Required action: Everything from the line containing "- 2 CORDURA®-verstärkte" through the last line of the data below is to be retyped exactly, apart from the pictures.
Top of Working data
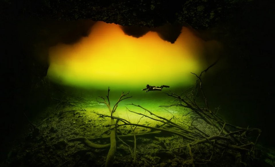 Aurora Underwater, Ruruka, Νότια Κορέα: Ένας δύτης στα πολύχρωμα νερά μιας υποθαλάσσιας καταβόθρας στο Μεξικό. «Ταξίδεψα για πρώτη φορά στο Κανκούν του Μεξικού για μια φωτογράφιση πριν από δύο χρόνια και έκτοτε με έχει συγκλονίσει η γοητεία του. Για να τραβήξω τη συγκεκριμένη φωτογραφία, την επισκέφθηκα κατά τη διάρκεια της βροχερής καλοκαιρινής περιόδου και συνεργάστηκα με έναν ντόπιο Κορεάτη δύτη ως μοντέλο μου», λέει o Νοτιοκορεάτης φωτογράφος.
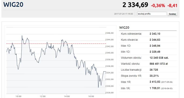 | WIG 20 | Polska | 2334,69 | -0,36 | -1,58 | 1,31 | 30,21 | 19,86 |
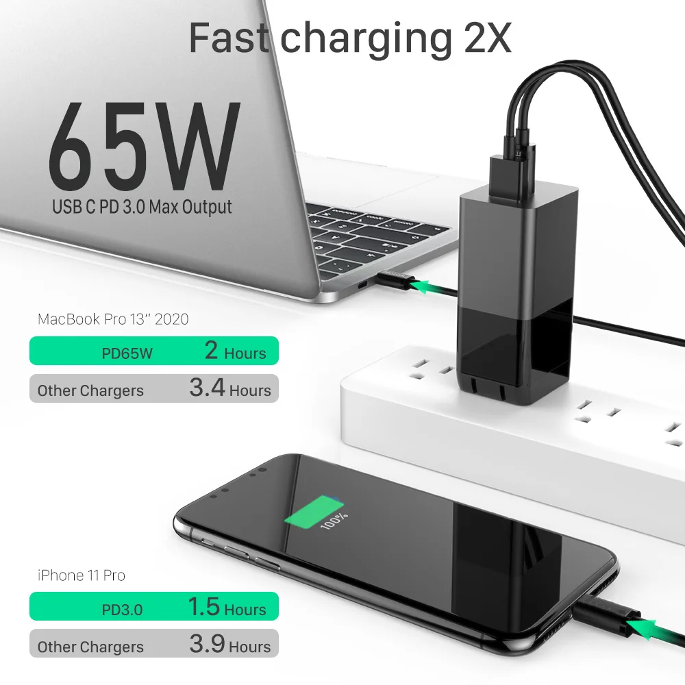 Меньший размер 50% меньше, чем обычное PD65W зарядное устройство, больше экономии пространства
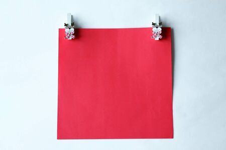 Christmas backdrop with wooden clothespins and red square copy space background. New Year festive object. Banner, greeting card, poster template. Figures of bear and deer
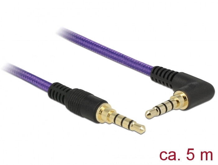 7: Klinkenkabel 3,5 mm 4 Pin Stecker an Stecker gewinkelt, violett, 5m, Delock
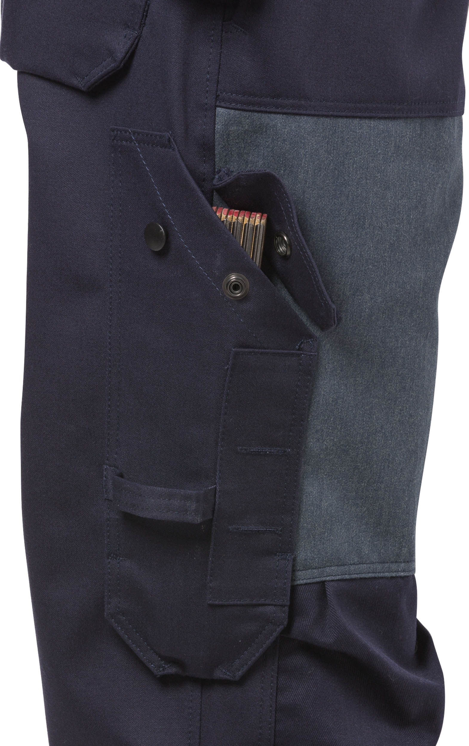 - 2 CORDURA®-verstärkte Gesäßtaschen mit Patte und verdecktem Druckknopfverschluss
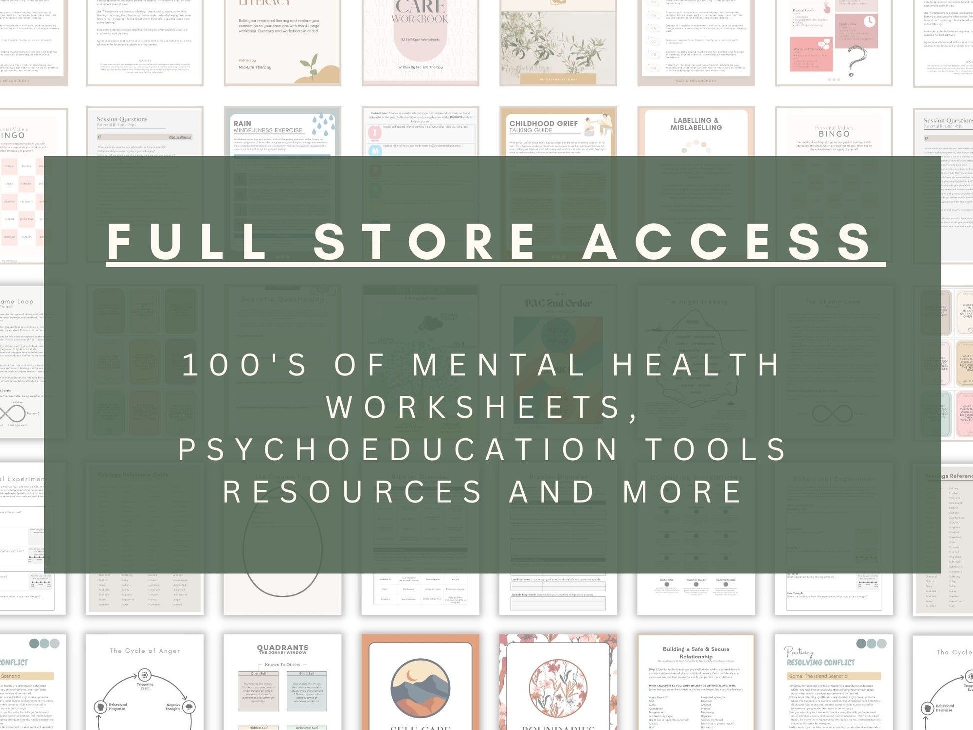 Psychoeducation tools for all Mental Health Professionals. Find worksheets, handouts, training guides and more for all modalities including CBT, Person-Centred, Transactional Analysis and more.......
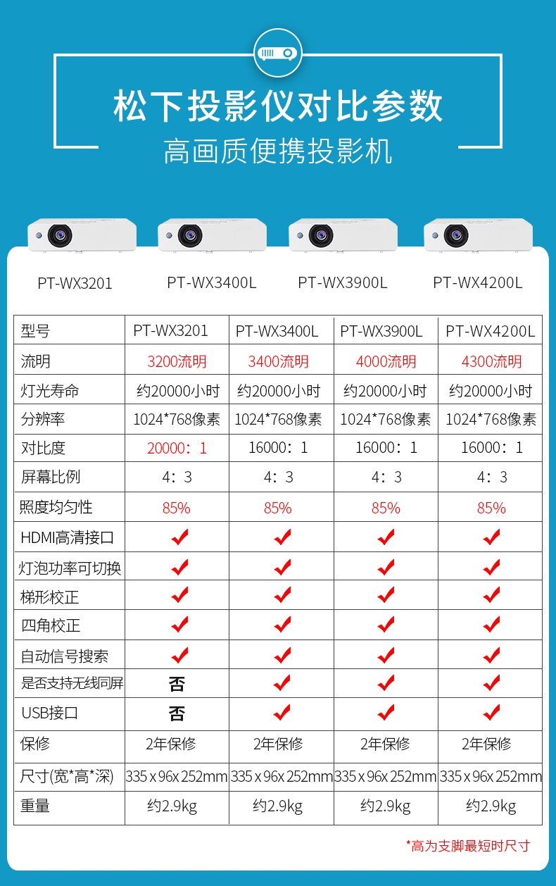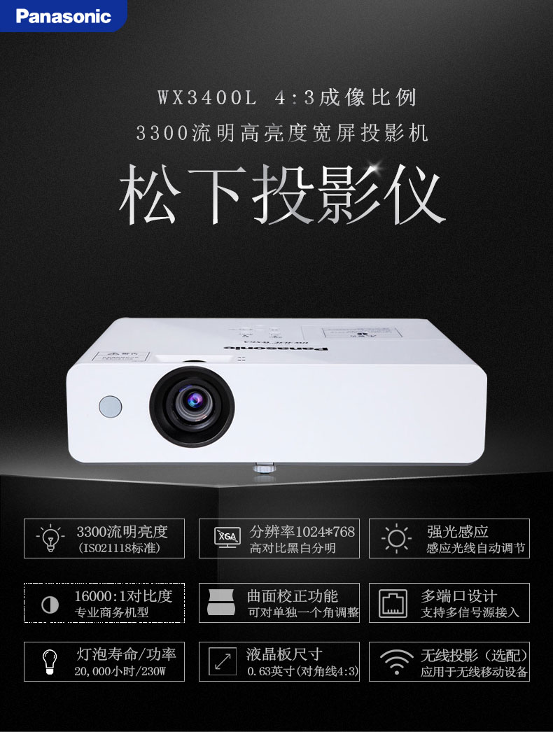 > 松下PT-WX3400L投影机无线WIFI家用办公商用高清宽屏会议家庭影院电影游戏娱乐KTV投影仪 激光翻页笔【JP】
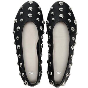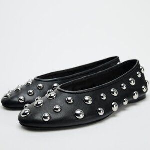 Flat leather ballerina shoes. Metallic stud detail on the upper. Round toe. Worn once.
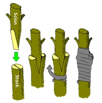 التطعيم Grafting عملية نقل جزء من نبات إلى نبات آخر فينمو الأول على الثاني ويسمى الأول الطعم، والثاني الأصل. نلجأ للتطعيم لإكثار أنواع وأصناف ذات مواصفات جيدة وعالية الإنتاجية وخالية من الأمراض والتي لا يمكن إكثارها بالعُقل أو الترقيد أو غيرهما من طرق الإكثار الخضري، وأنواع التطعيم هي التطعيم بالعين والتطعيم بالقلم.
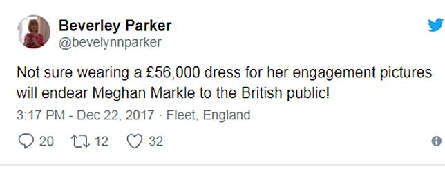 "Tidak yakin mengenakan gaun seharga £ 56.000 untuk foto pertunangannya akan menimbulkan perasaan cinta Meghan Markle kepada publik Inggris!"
Bottom of Working data
Result:
 - 2 CORDURA®-verstärkte Gesäßtaschen mit Patte und verdecktem Druckknopfverschluss
 Psychoeducation tools for all Mental Health Professionals. Find worksheets, handouts, training guides and more for all modalities including CBT, Person-Centred, Transactional Analysis and more.......
 > 松下PT-WX3400L投影机无线WIFI家用办公商用高清宽屏会议家庭影院电影游戏娱乐KTV投影仪 激光翻页笔【JP】
 Flat leather ballerina shoes. Metallic stud detail on the upper. Round toe. Worn once.
 التطعيم Grafting عملية نقل جزء من نبات إلى نبات آخر فينمو الأول على الثاني ويسمى الأول الطعم، والثاني الأصل. نلجأ للتطعيم لإكثار أنواع وأصناف ذات مواصفات جيدة وعالية الإنتاجية وخالية من الأمراض والتي لا يمكن إكثارها بالعُقل أو الترقيد أو غيرهما من طرق الإكثار الخضري، وأنواع التطعيم هي التطعيم بالعين والتطعيم بالقلم.
 "Tidak yakin mengenakan gaun seharga £ 56.000 untuk foto pertunangannya akan menimbulkan perasaan cinta Meghan Markle kepada publik Inggris!"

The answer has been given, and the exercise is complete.